A ragged woman knelt keening over the body of her pox-raddled child, but looked up as they passed. “You are cursed, Erius son of Agnalain, and all your house! You’ve brought Illior’s curse down on this land!”
Tobin looked away quickly as a soldier raised a club to silence her. Erius gave no sign that he’d heard, but Tobin saw Korin flinch.
The streets near the east gate were nearly impassable, choked with panicked people, carts, and crazed animals of all sorts. Erius’ guard swept ahead with truncheons to clear the way.
At the walls, however, they found men, women, even children ready to repel the invaders. The tops of the walls and towers were lined with men, but there too they were thinly spread. As Tobin watched, a few enemy soldiers gained the top and were savagely repelled. Arrows hissed overhead, and some found their mark. Skalan warriors tumbled down to join the heaps of dead and dying below.
“Look,” said Ki, pointing to a pile of bodies. Two dead Plenimarans lay tangled with the others. They both wore black tunics over their mail, and had long black hair and braided beards. It was the first time either of them had actually seen a Plenimaran.
“To the walls!” Erius shouted, dismounting and brandishing his sword again.
“With me, Companions!” Korin cried, and Tobin and the others followed him up the shuddering wooden stairs to the hoardings above.
From here, Tobin could look down through the arrow slits and murder holes at the seething mass of fighters below. The Skalan defenders hurled stones down at them and dumped buckets of hot oil and tar, but it did no more than create a temporary gap in the press. The Plenimarans had already set up hundreds of square wooden mantlets to shelter their archers, and they kept up a steady hail of arrows from there. At the gate below, a sappers’ shed had been moved up against the doors and Tobin heard the dull, steady rhythm of a battering ram crew at work.
Shoulder to shoulder with Ki and Tharin, Tobin raised his bow and took aim at the forces swarming below.
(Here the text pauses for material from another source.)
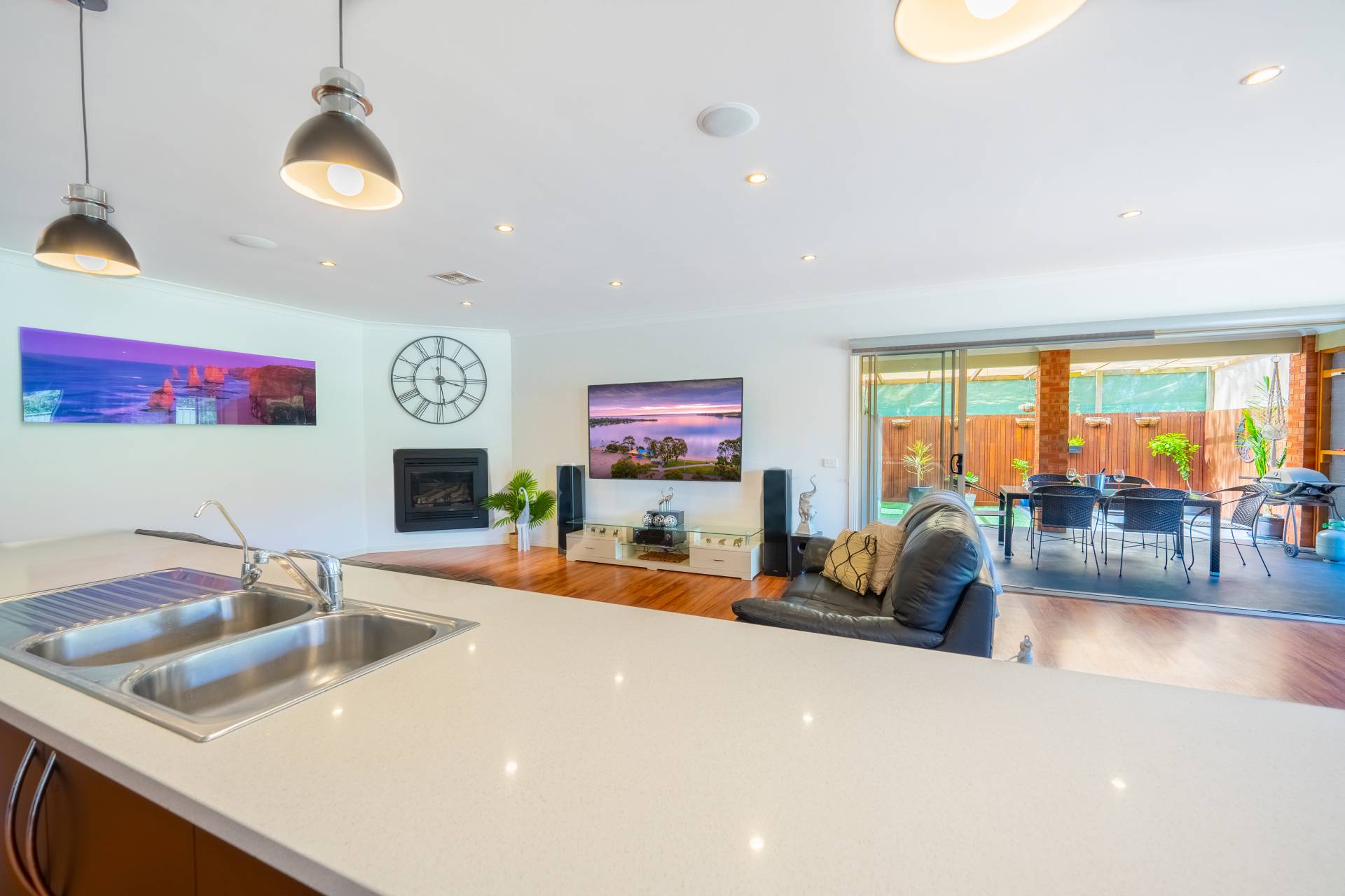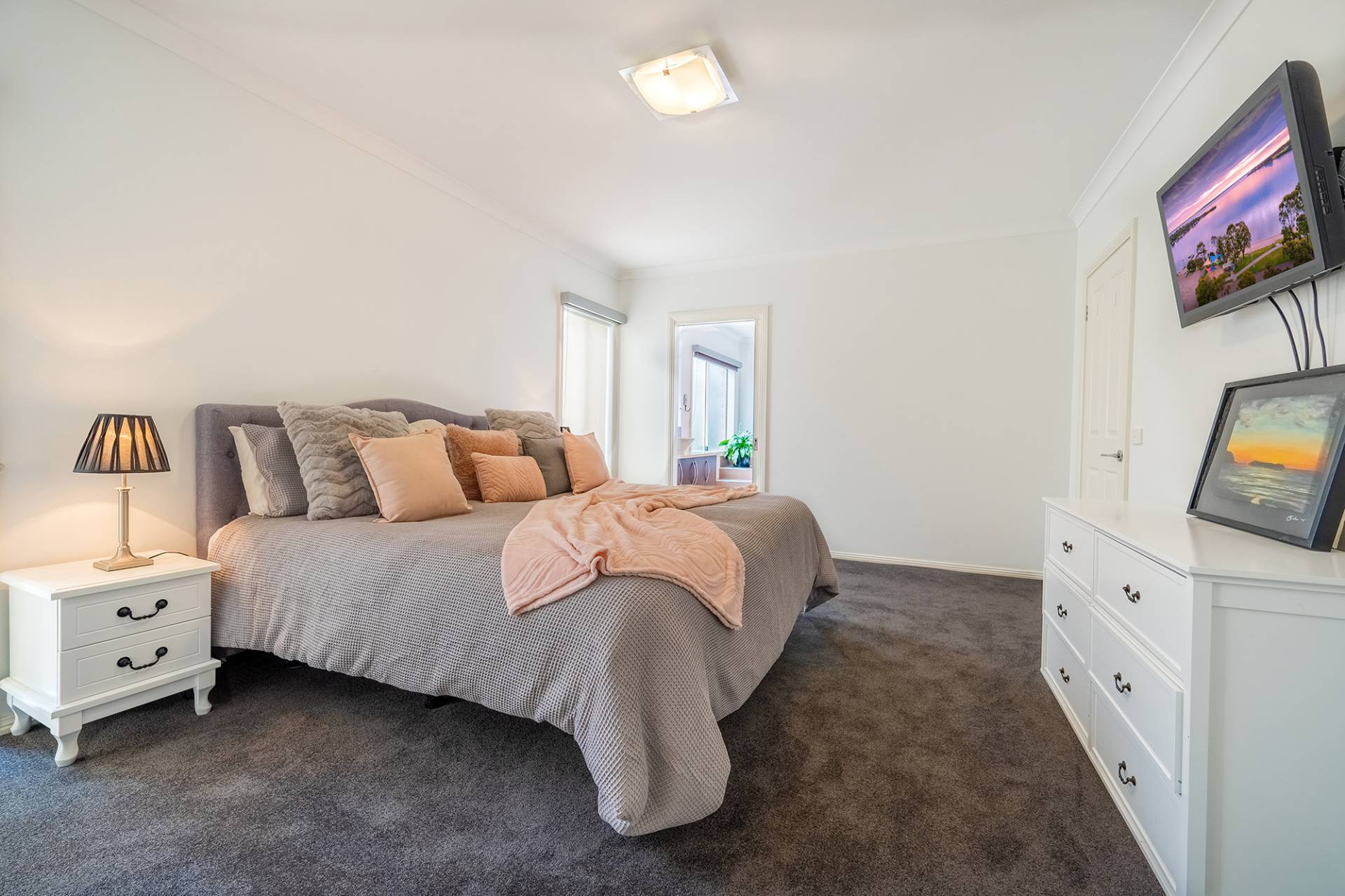 Looking to upsize, then look no further. This large 4 bedroom home is just what you are looking for.  A spacious master bedroom at the front of the home with large walk-in wardrobe and large ensuite including bath and double shower. Adjacent to the master suite is a separate study and powder room. The additional 3 bedrooms in a separate zone feature built-in robes with both hanging space and drawers and share the family bathroom with large shower and bath and separate powder room.  The hub of the home is an entertainers/chefs delight offering spacious kitchen, new 900mm stove, stone bench tops and plenty of storage, a well appointed walk-in pantry, dishwasher and large refrigerator cavity. Open the stacker doors and extend the large open plan living space to the outdoors. The entertaining area is covered and partially enclosed, giving plenty of space for friends and family to gather. A separate laundry and walk-in linen cupboard are located off the kitchen area. A second living area doubles as a theatre room complete with movie screen. Other features of this magnificent family home are gas log fire, ducted reverse cycle and solar power and hot water. The added bonus is drive through access for the boat and/or caravan and low maintenance gardens.  All this within walking distance to shops, cafe's and lake.

When their arrows were spent, they helped dump stones through the murder holes and push off scaling ladders. Some still made it up, however, and they found themselves running endlessly to beat them back. Ki was still beside him, and Tobin caught glimpses of some of the other boys, but as the battle went on they got separated from them among the other defenders. Tobin lost sight of Korin but even in the worst of it, Tharin and Ki were there at his back.